Existem bailarinas que mesmo sem uma boa técnica, ou que não tenham uma estética favorável, passam uma sensação tão agradável ao público, que nos perguntamos como isto pode acontecer? É porque ela consegue passar ao público que está gostando muito de dançar para eles. Então além de técnica e leitura musical, tem que haver envolvimento com a música e com o público também. Se não demonstramos este envolvimento dançando, tudo perde o encanto.

Mona Said em um Workshop disse: “Devemos mostrar que estamos gostando de dançar, e a melhor forma de fazermos isto é deixando tudo, todos os problemas de fora da dança, e naquele instante devemos nos mostrar apaixonadas.
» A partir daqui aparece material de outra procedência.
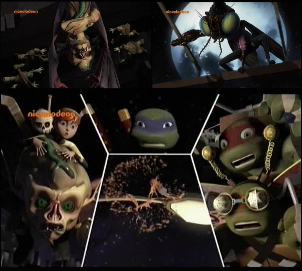 Nichts, und deswegen taucht ein weiterer alter Bekannter aus der Versenkung auf. Gemeint ist hier Baxter Stockman, der nun, wie auch schon in der klassischen Animationsserie, in eine Fliege mutierte und ebenfalls auf der Jagd nach dem Retro-Mutagen ist. Inhaltlich haben sich die Macher also erneut an der Serie aus den 80er Jahren orientiert, und abermals wurde das Design angepasst, wodurch Baxter visuell bei Weitem nicht mehr so harmlos aussieht, wie sein Zeichentrickpendant von 1987. Als sabbernde Monsterfliege ähnelt sein Design stark dem von Jeff Goldblum in David Cronenbergs „Die Fliege“, wobei man sich beim Ekelfaktor ein wenig zurückgenommen hat. Schön sieht es trotzdem nicht aus, wenn Stockman-Fly seine Nahrung per Speichel verflüssigt um sie dann aufzusaugen, was biologisch gesehen zwar korrekt ist, aber …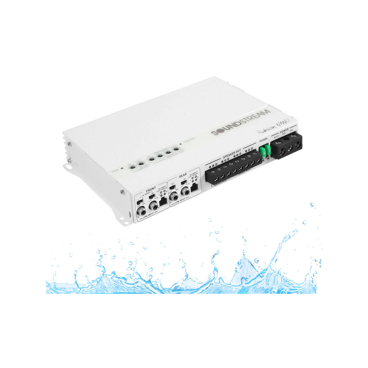 We’ve adopted the most optimum Class D performance, reliability, and smaller footprint platform for the Rubicon Nano series amplifiers and present to you Rubicon Nano. At first glance, you’ll notice this amplifier’s color; that’s the coat and finish to help this marinized model work for Marine or Powersports applications. Rubicon Nano’s signal inputs, power/ground, and speaker connections are all relocated to the leading edge of the chassis for an easier, more attractive install. All pre-amp & crossover options are appropriately located on the top surface, making adjustments after installation conceivable. You might not notice embellishments to the circuit board, including increased power supply & output stage components & Monoblock bridging capability.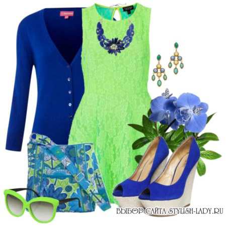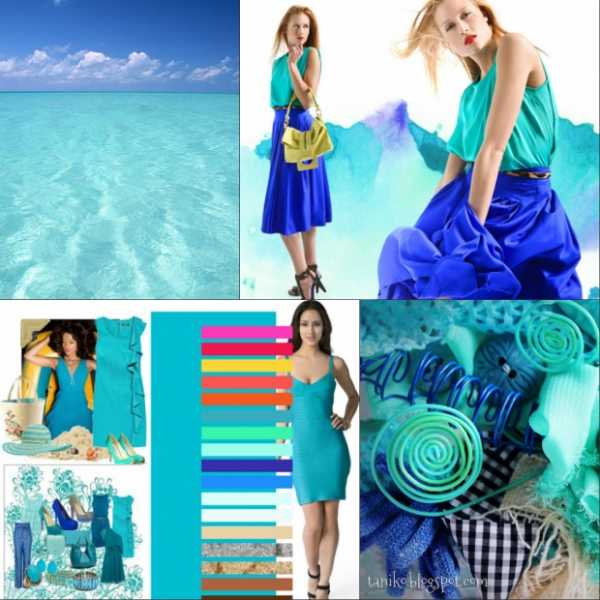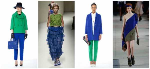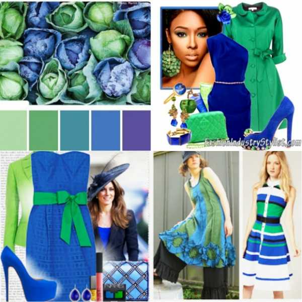 В одежде надо быть осторожнее, вряд ли красиво будет смотреться глубокий синий с ярко-салатовым, на и наоборот, насыщенный зеленый и васильковый.
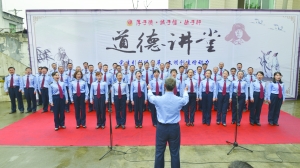 4月27日,在和谐酒业营销有限公司,州工商局干部职工正在合唱《公民道德歌》。当天该局与和谐酒业营销有限公司举办以“诚实守信”为主题的“道德讲堂”活动。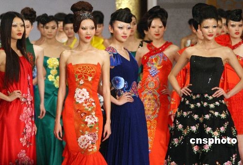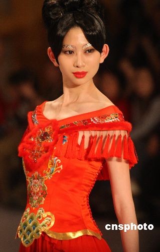 11月5日晚,北京舉行的中國國際時裝周(2009春夏系列發(fā)布),上演了一場華服大典!皣煜 華服大典”以緙絲傳承歷史,以牡丹展現(xiàn)盛世繁華,續(xù)寫中國奢侈品文明復(fù)興的傳奇。圖為模特展示2009華服大典作品。中新社發(fā) 錢興強(qiáng) 攝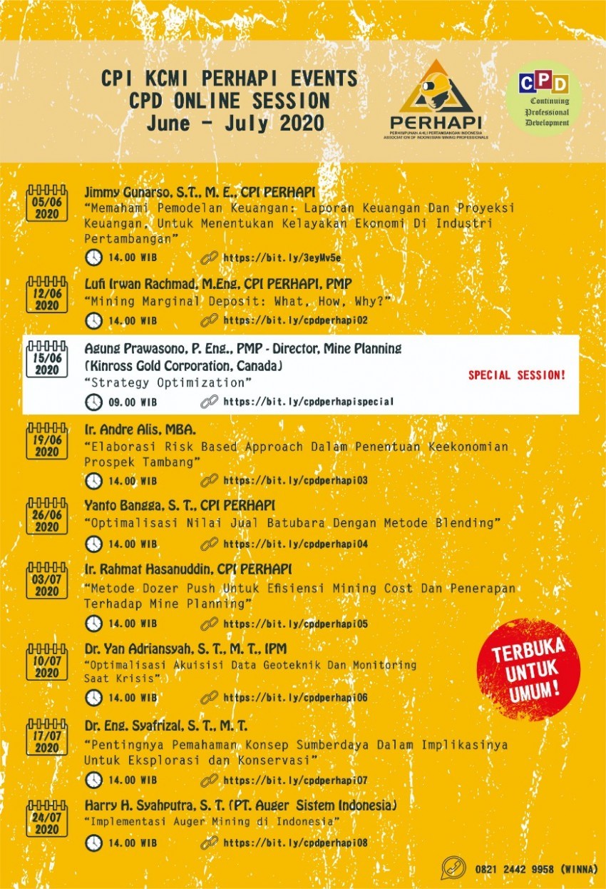 Sebagai upaya pencegahan dari penyebaran wabah Virus Corona (Covid-19) dengan melakukan social distancing, dengan ini kami Komite CPI PERHAPI akan mengubah tata cara pelaksanaan kegiatan CPD dari yang sebelumnya temu muka langsung (off-line) menjadi on-line, sampai kondisi dinilai cukup aman untuk kembali ke tata cara CPD sebelumnya. Kegiatan CPD Online kali ini melalui aplikasi Zoom.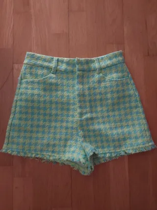 Shorts Zara Houndstooth Verde y Amarillo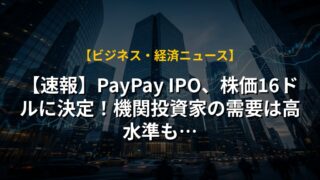 【速報】PayPay IPO、株価16ドルに決定!機関投資家の需要は高水準も…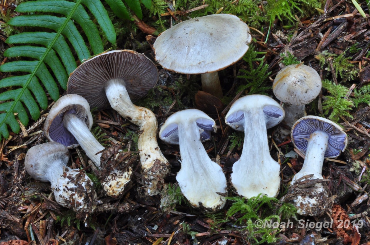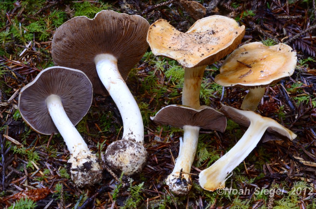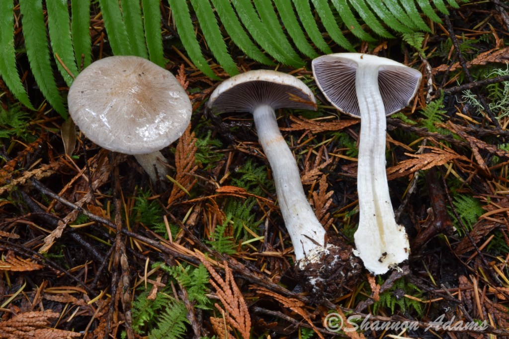 Cortinarius albescens is notable for it’s violaceous-grey gills, subdued cap tones (in shades from grey through buff to yellow ochre), long, firm, equal white stipe and small bulbous, marginate base. Smith suspected it was a Glaucopoid, and differentiated it by it’s bitter taste and “long white stipe at maturity”.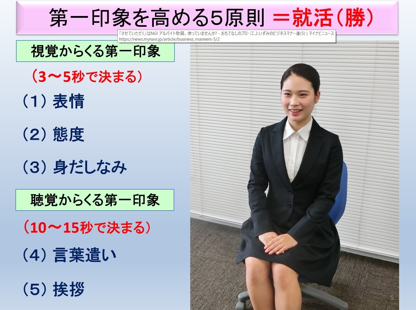 マイナビニュースで「おもてなしのプロ・江上いずみのビジネスマナー道」連載が始まりました。第1回のテーマは「スーツの選び方と着こなしのマナー」(2019.3.29配信)
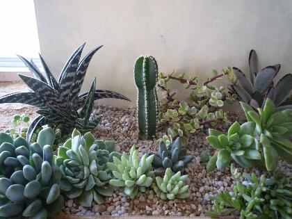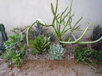 その作品に合わせて、今回は、多肉植物を植え込み、乾燥地帯のオアシスのイメージで植栽してみました。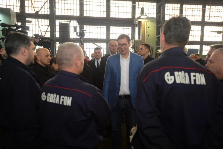 - Hoću da vam čestitam što ste sačuvali fabriku 2005. godine i što ste se sami postarali da ne bude uništena. Mi danas možemo da pomognemo mnogo više nego ranije, ako kupujete nove mašine mi možemo da damo 50 posto i da podstičemo dalje razvoj FOM-a koji ima dobru perspektivu. Polovinu novca za nove mašine ćete dobiti od države. Ukoliko nove radnike zapošljavate, daćemo subvencije. Pomoćićemo i oko dualnog obrazovanja koje ste tražili u Palanci. Izdvojićemo sredstva za školu jer nama ovakvi radnici nedostaju svuda - rekao je predsednik Srbije u proizvodnom pogonu Goše FOM.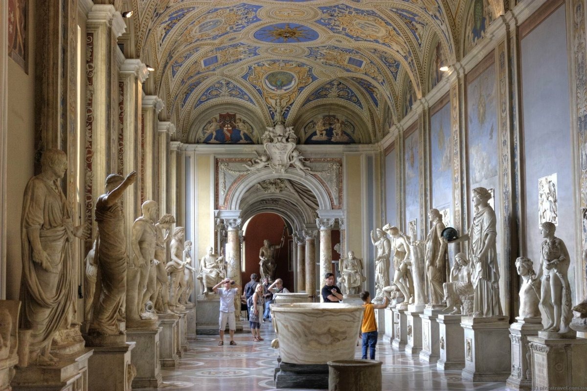 В Бельведерском дворце разместился музей античных скульптур - огромная коллекция, несколько сотен экспонатов. Саркофаги (на одном из них запомнилось изображение амазонок), купели, барельефы. Запомнилось, что когда умирал второй супруг, то его хоронили в том же саркофаге, в котором был похоронен первый супруг. Саркофаг, в котором была захоронена первоначально мать императора Константина Елена и второй, где его дочь Констанция. Погребальные украшения, свитки, мумии, священные статуэтки, жуки-скарабеи. В центре зала, напоминающего Пантеон, установлен бассейн Нерона - огромная чаша из красного порфира. Всемирно известные статуи Аполлона и Гермеса, Лаокоона с сыновьями и Персея. Бронзовая позолоченная статуя Геркулеса (II век н.э.). Папа Павел IV, возмущаясь видом множества обнаженных скульптур, приказал их оскопить, что и было исполнено (лишь одной удалось этого избежать - Папа недосмотрел).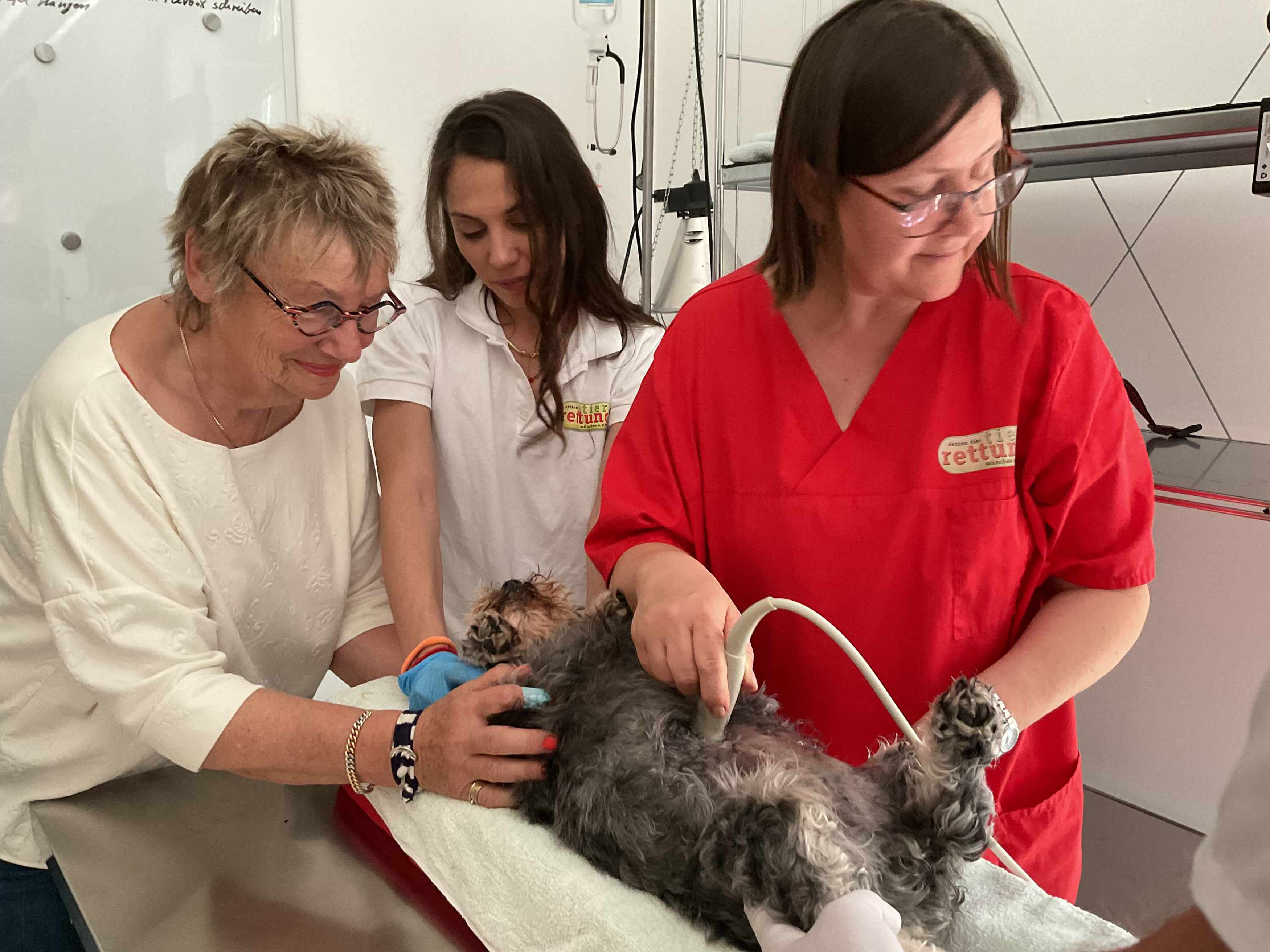 Die Tierrettung München hat ein neues Ultraschallgerät. Da Rosalie eine so entspannte Hündin ist und wir uns einen Überblick über ihren Gesundheitszustand verschaffen wollen, nutzen wir das neue Ultraschallgerät und führen eine Untersuchung durch. Rosalie wird der Bauch rasiert, während sie entspannt auf dem Rücken mit dem Kopf in den Händen von Natasa Pesetis liegt, und das Gel wird aufgetragen. Dr. Wagmeister beginnt mit der Untersuchung, dann kommt Markus Lerner, und Tierärztin Malgorzata Horváth kommt von einem Einsatz und probiert es auch. Wir alle sehen die Milz, den Darm, die Nieren. Alles sieht – für mich sehr beruhigend – unauffällig aus. Nun ist die Behandlung vorbei, Rosalie bekommt ein Leckerli und läuft munter der Assistentin Natasa hinterher. Wie das Ultraschallgerät in Zukunft eingesetzt werden soll, ist noch in der Planung.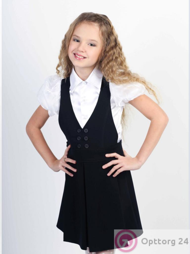 Детский школьный сарафан темно-синего цвета с вырезом в области груди.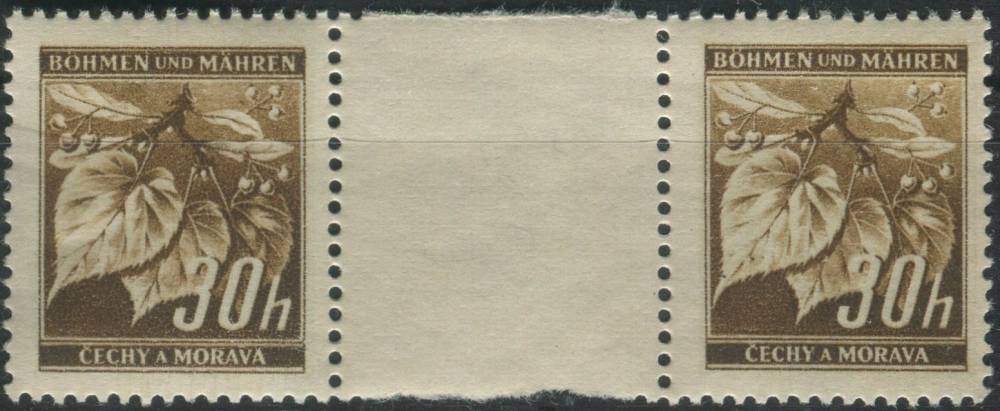 1941, Protektorát, 025M(2), Výplatní známka : Lipové listy (hlubotisk) ∗∗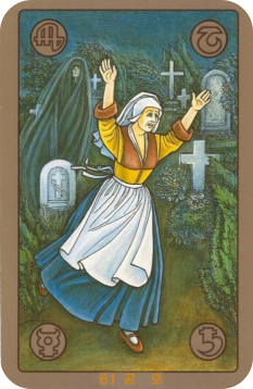 카드를 지배하는 어두운 녹색과 갈색, 푸른색은 침울함, 어둠, 그리고 불안감을 상징합니다. 여인의 노란색 옷은 지성과 활력을 나타내지만, 그의 표정은 극심한 공포에 질려 있어 대비됩니다. 밤하늘과 무덤가는 두려움을 극대화합니다.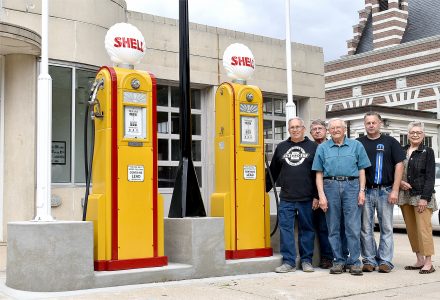 Backer was delighted to have the pump project finished. Many automotive enthusiasts in the area will enjoy seeing the old-style pumps.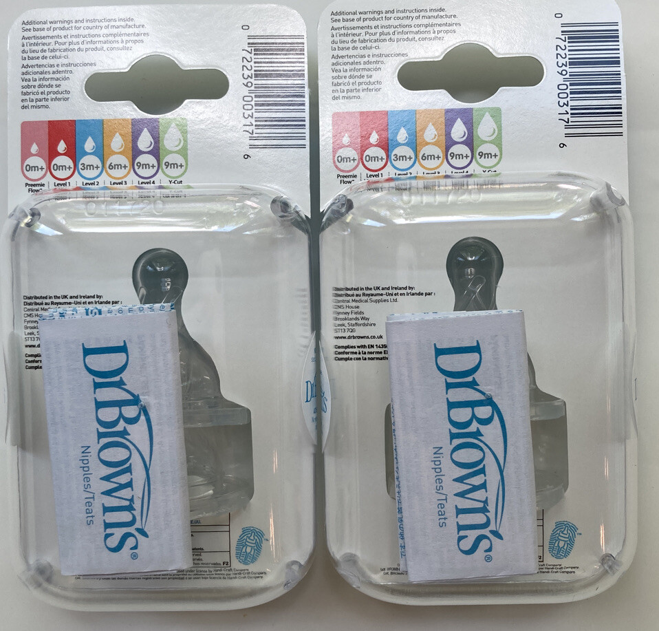Dr. Brown's Natural Flow Standard Silicone Bottle Nipple, Level 4, Lot Of 2 -NEW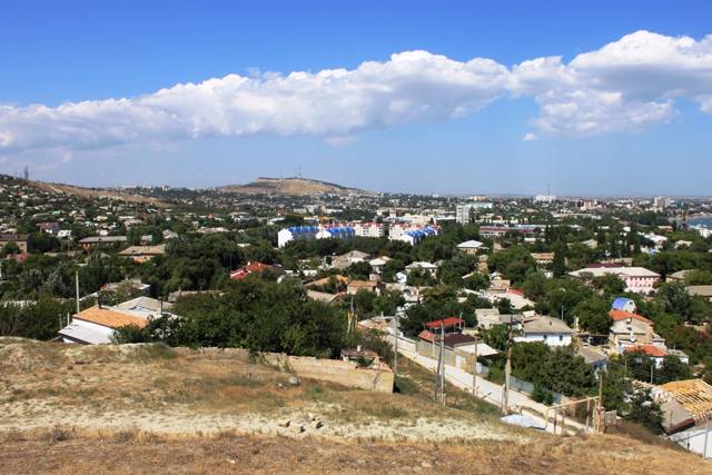 Оглядовий майданчик на горі Мітрідат відкритий до Дня міста в 2012 році. Звідси відкривається вид на всю затоку Феодосії і більшу частину міста. Прямо під горою - ц ...
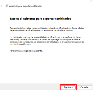 4. Esto iniciará el Asistente para exportar certificados, simplemente haremos clic en «Siguiente».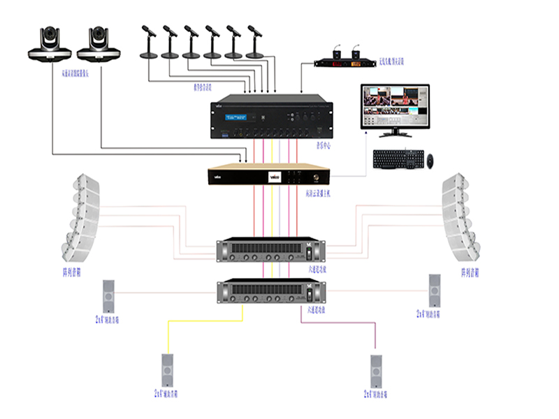3、模拟电视台录播系统采用高清图像信号传输到虚拟演播主机,经虚拟演播主机进行实时抠像、叠加虚拟背景处理,实现校园电视台录制;完成静态、动态背景实时叠加,实现校园的直播、点播、编辑;配合资源管理平台实现集中管理录播系统和教学资源共享。

Devemos sentir amor quando estivermos dançando.”

A expressão congelada, o sorriso falso, a cara de quem vai chorar a qualquer momento ou de que está sentindo dor, a expressão de superioridade como se  estivesse dizendo “olha o que eu posso e você não”, tudo isso deve ser evitado, pois pode criar uma antipatia com o público e até com outras bailarinas.

Devemos sempre compartilhar a alegria em dançar com o público e ele nos dará em troca todo o reconhecimento e respeito  que tanto desejamos.